To retrieve the modified content instead of the target table, the data modification statement in the WITH clause should include the RETURNING clause. This clause creates a temporary table that can be accessed by the rest of the query. If a data modification statement in the WITH statement lacks a RETURNING clause, it cannot form a temporary table and cannot be referenced in the remaining queries.

If the RECURSIVE keyword is declare, recursive self-reference is not allowed in data modification statements. In some cases, you can bypass this restriction by referencing the output of recursive the WITH statement. For example:

1
2
3
4
5
6
7
8
9
WITH RECURSIVE included_parts(sub_part, part) AS (
     SELECT sub_part, part FROM parts WHERE part = 'our_product'
   UNION ALL
     SELECT p.sub_part, p.part
     FROM included_parts pr, parts p
     WHERE p.part = pr.sub_part
   ) 
DELETE FROM parts
   WHERE part IN (SELECT part FROM included_parts);

This query will remove all direct or indirect subparts of a product.

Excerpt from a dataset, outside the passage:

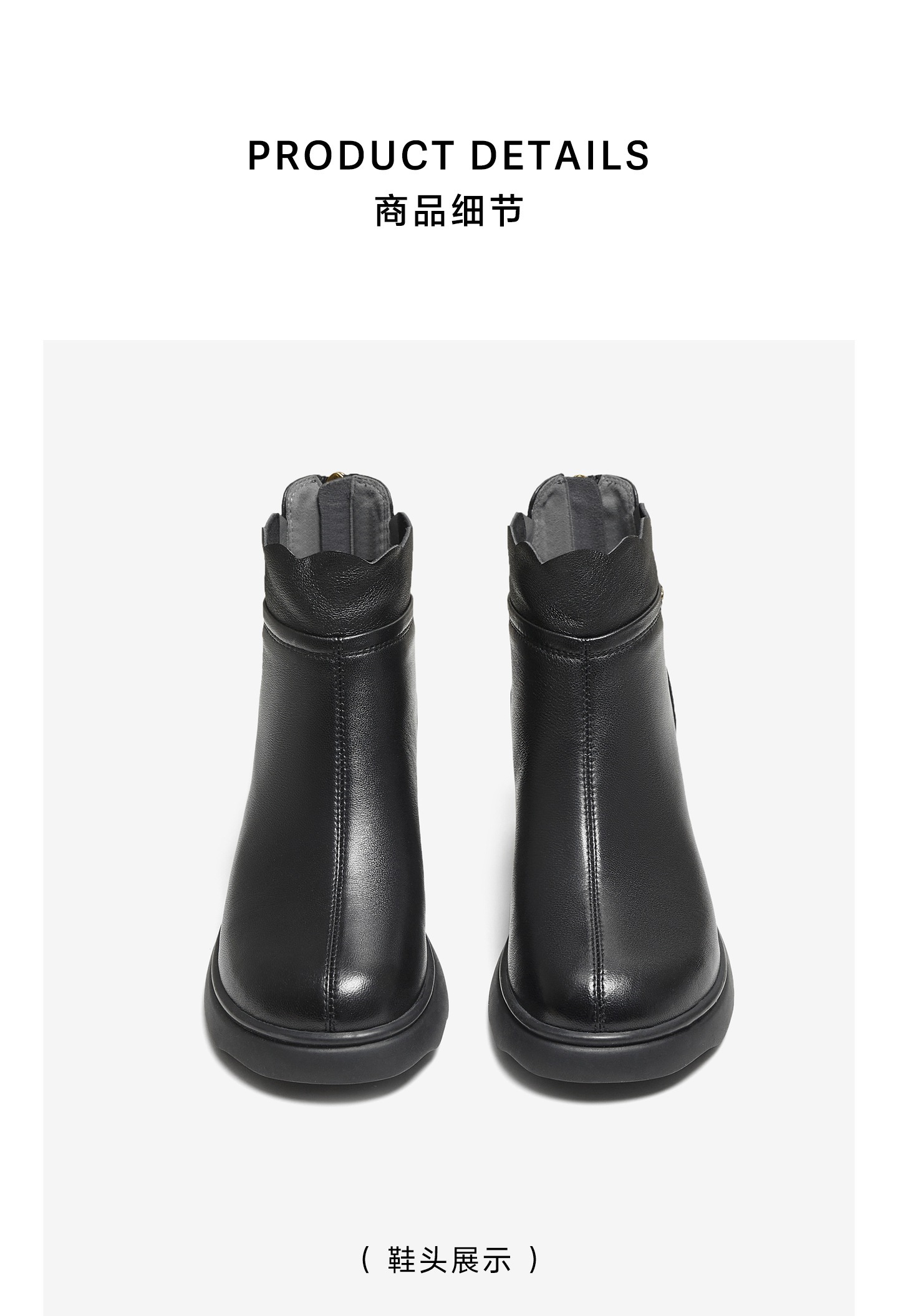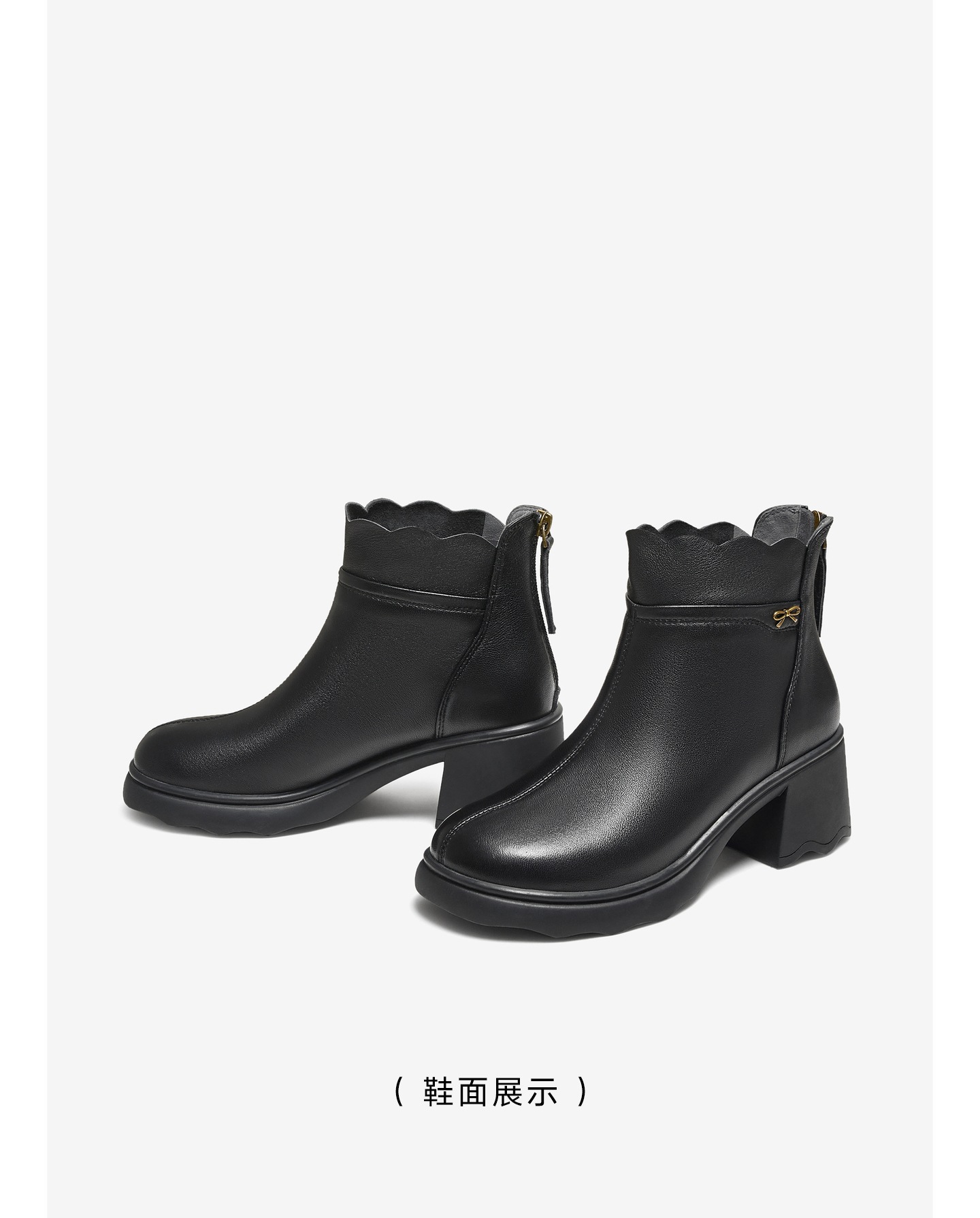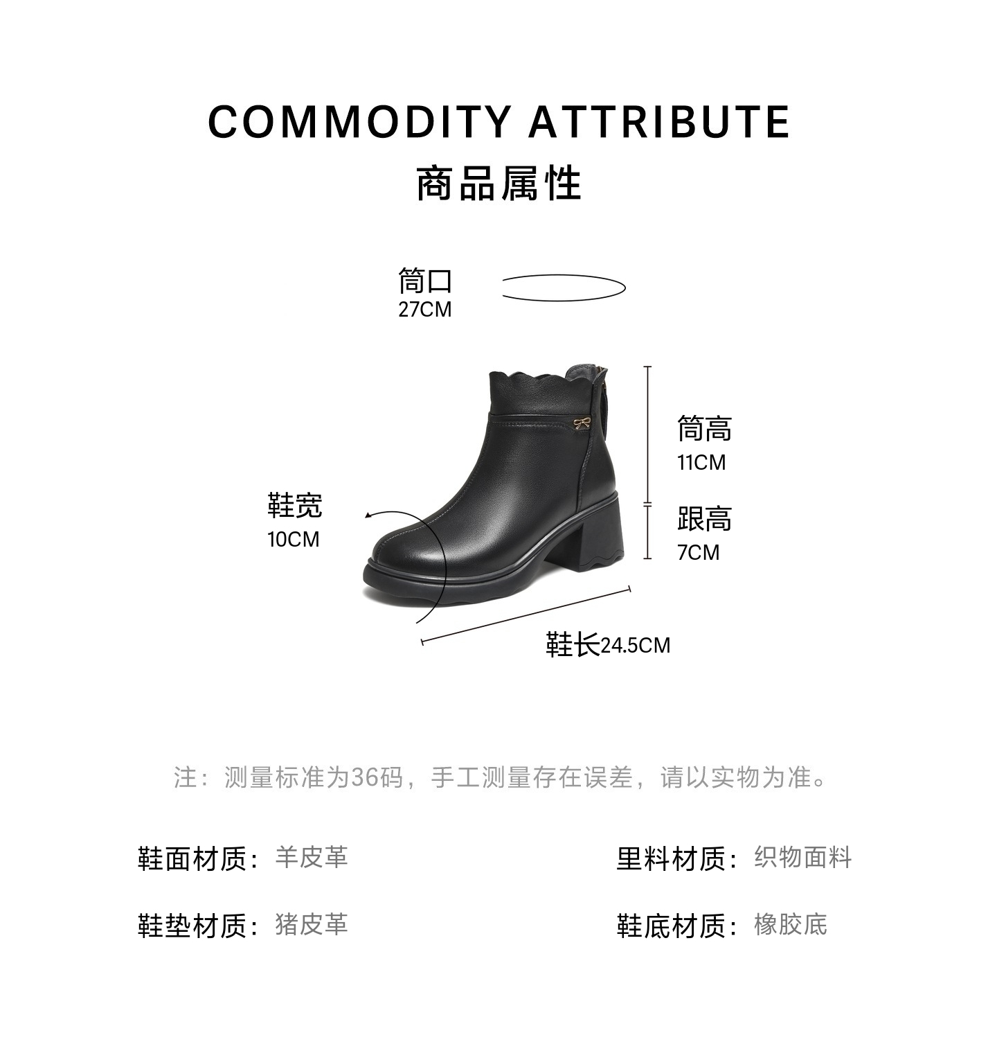 | 鞋底材质:橡胶底 | 靴筒内里材质:织物面料 | 内增高:无 | 鞋面材质:羊皮革 | 闭合方式:后拉链 |

The substatements in the WITH clause are executed at the same time as the main query. Therefore, when using the data modification statement in a WITH statement, the actual update order is in an unpredictable manner. All statements are executed in the same snapshot, and the effect of the statements is invisible on the target table. This mitigates the unpredictability of the actual order of row updates and means that RETURNING data is the only way to convey changes between different WITH substatements and the main query.

In this example, the outer layer SELECT can return the data before the update.

1
2
3
4
WITH t AS (
     UPDATE tree SET id = id + 1
     RETURNING * ) 
SELECT * FROM tree;

In this example, the external SELECT returns the updated data.

1
2
3
4
WITH t AS (     
UPDATE tree SET id = id + 1
     RETURNING * )
SELECT * FROM t;

The same row cannot be updated twice in a single statement. Otherwise, the update effect will be unpredictable. If only one update takes effect, it is difficult (and sometimes impossible) to predict which one takes effect.